Après le succès de la Marche des Beurs et de Convergences 84, la mode est au « beur ». L’engouement pour le mouvement est considérable, tandis que sa vitalité ne se dément pas. En 1985, le journal « Sans Frontière » sort « La Beur Génération », un numéro spécial qui en témoigne.
Toutefois cette visibilité soudaine ne doit pas masquer l’engagement plus ancien de certains de ces acteurs. « Sans Frontière », par exemple, fut créé en 1979 par des membres de la troupe de théâtre Kahina et un groupe constitué de grévistes de la faim, menacés d’expulsion, en raison du durcissement des lois régissant le séjour des immigrés, en France.
Le théâtre, la musique comme la littérature seront ainsi les premiers vecteurs d’expression d’une jeunesse immigrée confrontée au racisme, au rejet, à la ghettoïsation, à la quête identitaire et aux violences quotidiennes, qu’elles soient policières ou non.
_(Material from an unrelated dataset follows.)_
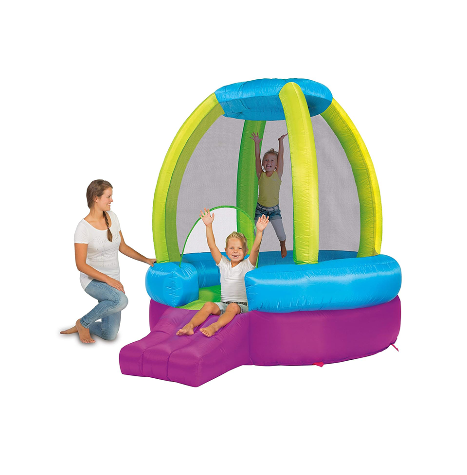 - Guaranteed fun in minutes, the Plum Rocket Bouncer comes with a quick speed blower and puncture repair kit.

Ainsi, en réaction au meurtre de Mohamed Diab en 1973, dans un commissariat de police, se forme la troupe de théâtre Al-Assifa. Puis, en 1975, la troupe Kahina voit le jour en en Seine-Saint-Denis, Nedjma l’année suivante et Week-end à Nanterre en 1977, bien d’autres suivront.
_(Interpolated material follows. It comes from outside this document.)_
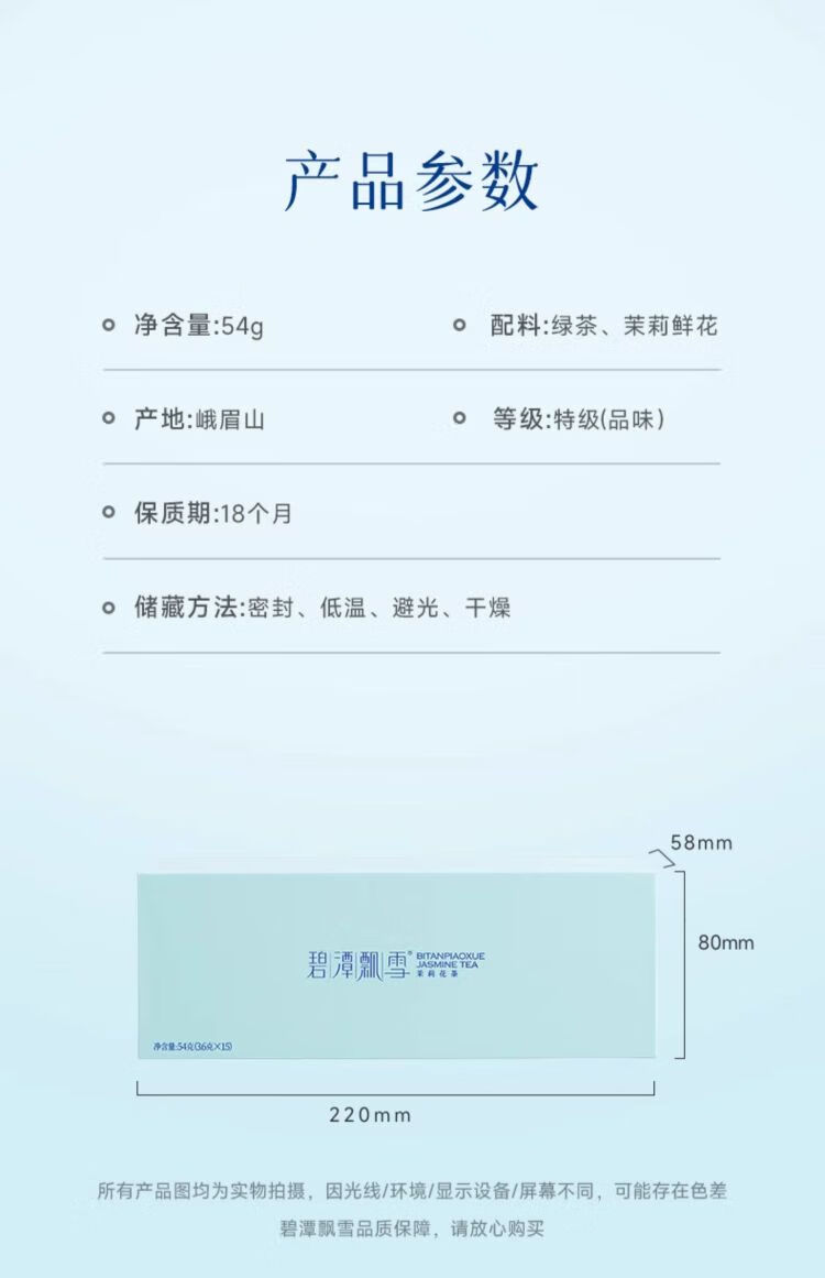 【促】碧潭飘雪品味 茉莉花茶特级54g/盒 商品缩略图0 【促】碧潭飘雪品味 茉莉花茶特级54g/盒 商品缩略图1 【促】碧潭飘雪品味 茉莉花茶特级54g/盒 商品缩略图2 【促】碧潭飘雪品味 茉莉花茶特级54g/盒 商品缩略图3 【促】碧潭飘雪品味 茉莉花茶特级54g/盒 商品缩略图4

La scène devient, alors, un espace privilégié, propice à exprimer révolte et colère contre des conditions de vie souvent indignes. Un exutoire à la vie quotidienne, aux brimades, au rejet et aux violences subies. A l’exemple de « Ya Oulidi » en 1981, écrite et jouée par la troupe marseillaise de la cité des Flamants. La pièce de théâtre évoque la mort de Lahouri Ben Mohammed, 17 ans, tué par un CRS qui avait prévenu quelques minutes avant de tirer « Attention les jeunes, je ne sais pas si c’est le froid, mais ce soir, j’ai la gâchette facile… ». « Créer, ça sera notre façon de venger notre frère, de refuser qu’il soit mort pour rien », souligne un de ses auteurs, Nasser Lazreg Moussa Maaskri. La pièce « Faits divers » jouée par la troupe Chakchouka évoque, quant à elle, le mariage forcé ou encore « Mohamed Travolta » de la troupe Ibn Khaldoun s’intéresse au conflit des générations.
Crimes racistes, quête identitaire, double peine et durcissement de l’arsenal législatif, travail, culture et mœurs sont autant de thèmes évoqués dans des pièces, jouées dans des cafés, MJC, foyers Sonacotra, prisons et usines en grève, voire dans la rue ou plus rarement à Avignon (« Barka ou la vie barisienne » de M.Lebkiri, Off d’Avignon).